#### SOURCE DATA:
# # # # # # #

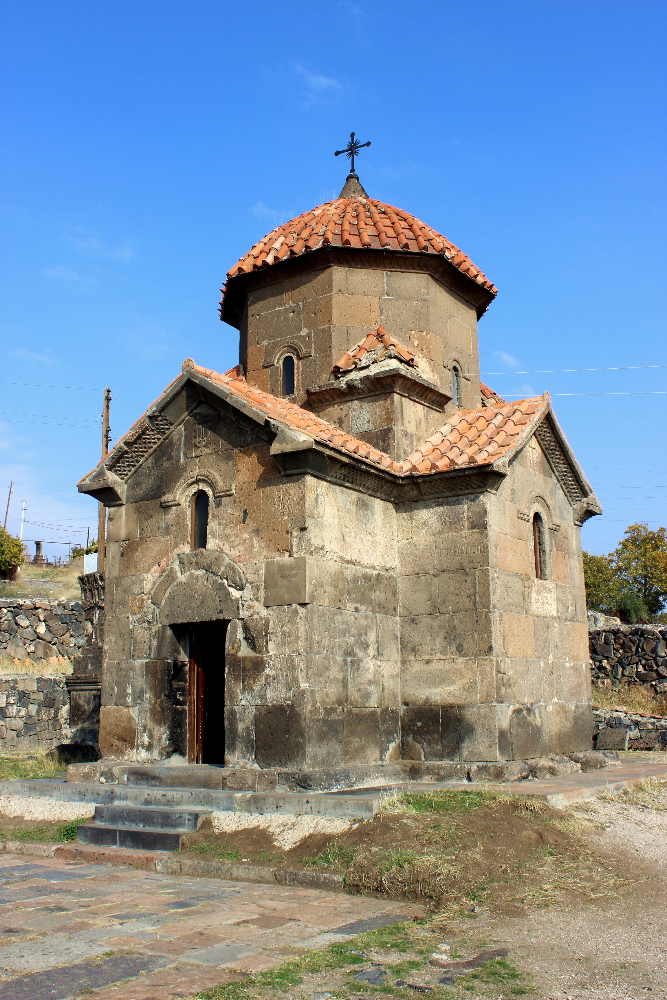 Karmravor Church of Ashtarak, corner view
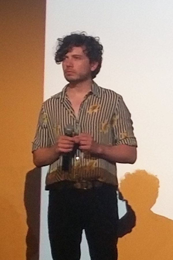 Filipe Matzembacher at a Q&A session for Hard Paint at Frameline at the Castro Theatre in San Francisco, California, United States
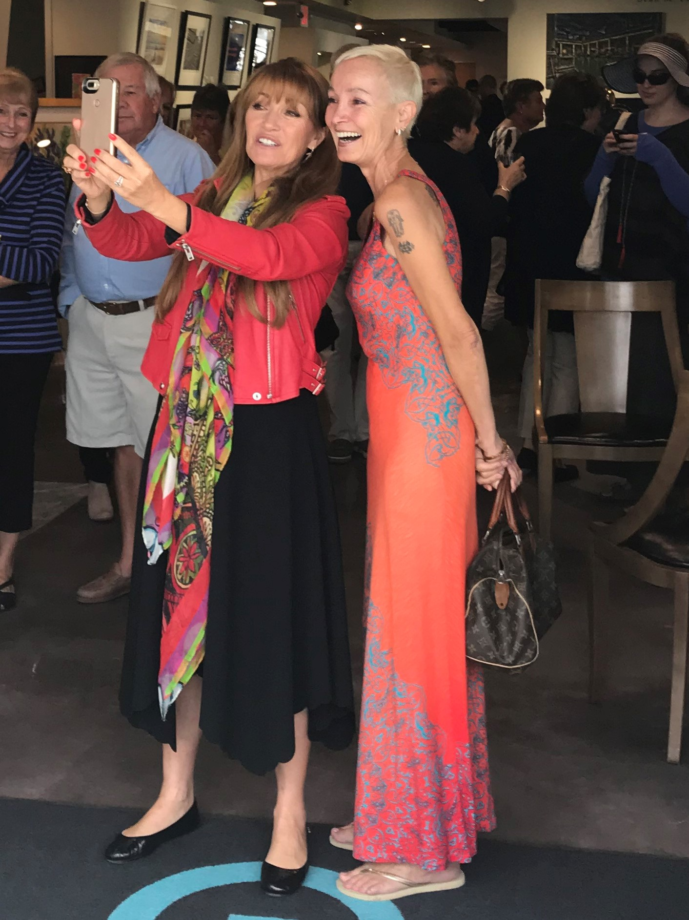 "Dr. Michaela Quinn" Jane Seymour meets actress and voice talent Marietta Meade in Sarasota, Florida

# # # # # # #

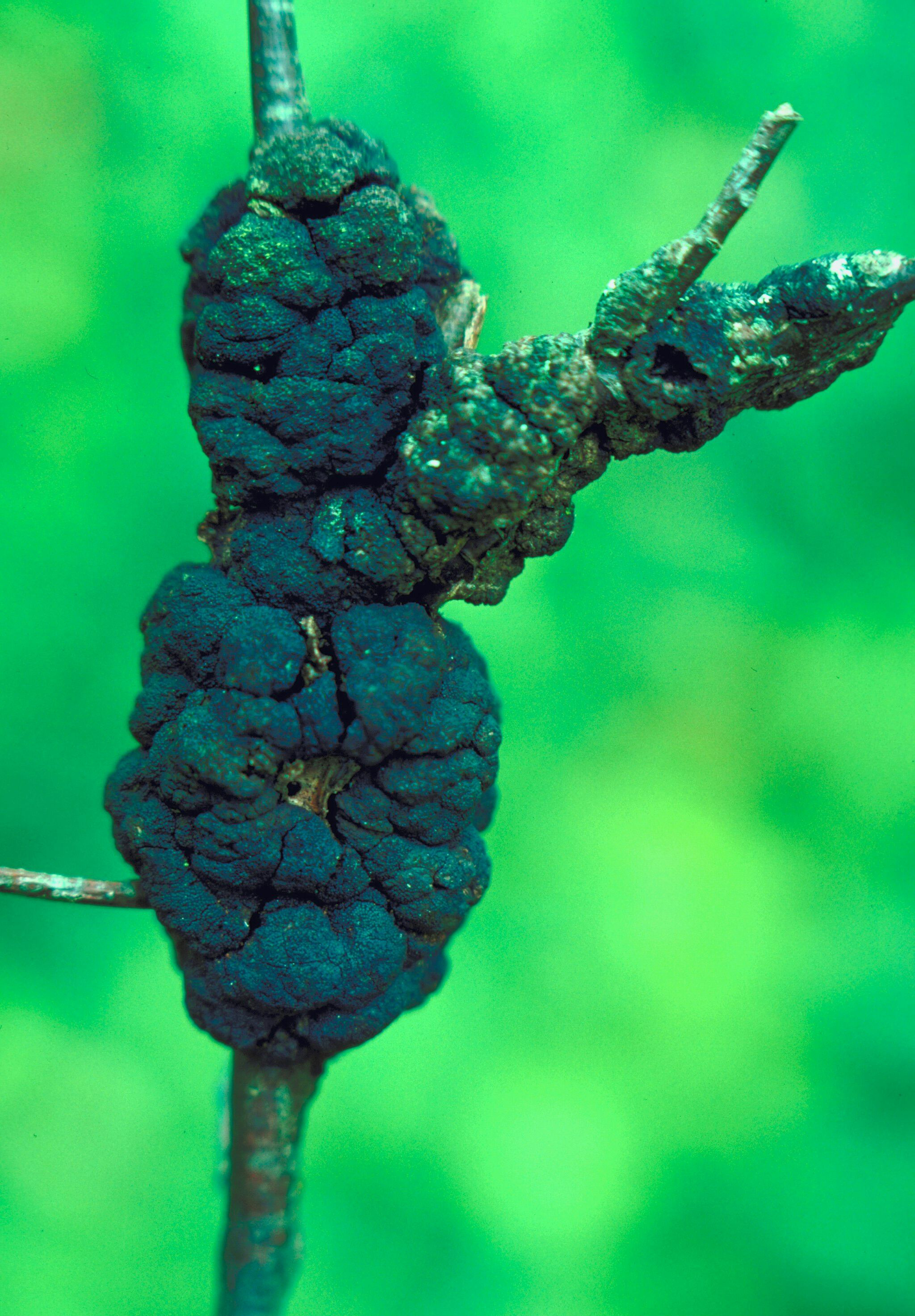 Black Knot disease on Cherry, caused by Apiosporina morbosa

# # # # # # #

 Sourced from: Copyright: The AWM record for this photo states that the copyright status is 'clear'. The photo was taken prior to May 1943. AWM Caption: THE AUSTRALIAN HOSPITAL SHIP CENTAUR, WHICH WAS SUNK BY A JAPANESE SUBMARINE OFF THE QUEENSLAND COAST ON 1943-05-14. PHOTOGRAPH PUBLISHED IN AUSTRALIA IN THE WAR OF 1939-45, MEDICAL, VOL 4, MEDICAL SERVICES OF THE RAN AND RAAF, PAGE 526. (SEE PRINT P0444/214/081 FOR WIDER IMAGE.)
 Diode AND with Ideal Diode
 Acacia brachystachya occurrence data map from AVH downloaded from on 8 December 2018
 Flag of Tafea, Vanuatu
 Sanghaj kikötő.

# # # # # # #

#### ASSIGNED TASK:
Now transcribe the lines above exactly, starting at the line containing "Karmravor Church of Ashtarak, corner view" and ending at the line containing "in Sarasota, Florida", both lines included, pictures excluded.

#### RESULT:
 Karmravor Church of Ashtarak, corner view
 Filipe Matzembacher at a Q&A session for Hard Paint at Frameline at the Castro Theatre in San Francisco, California, United States
 "Dr. Michaela Quinn" Jane Seymour meets actress and voice talent Marietta Meade in Sarasota, Florida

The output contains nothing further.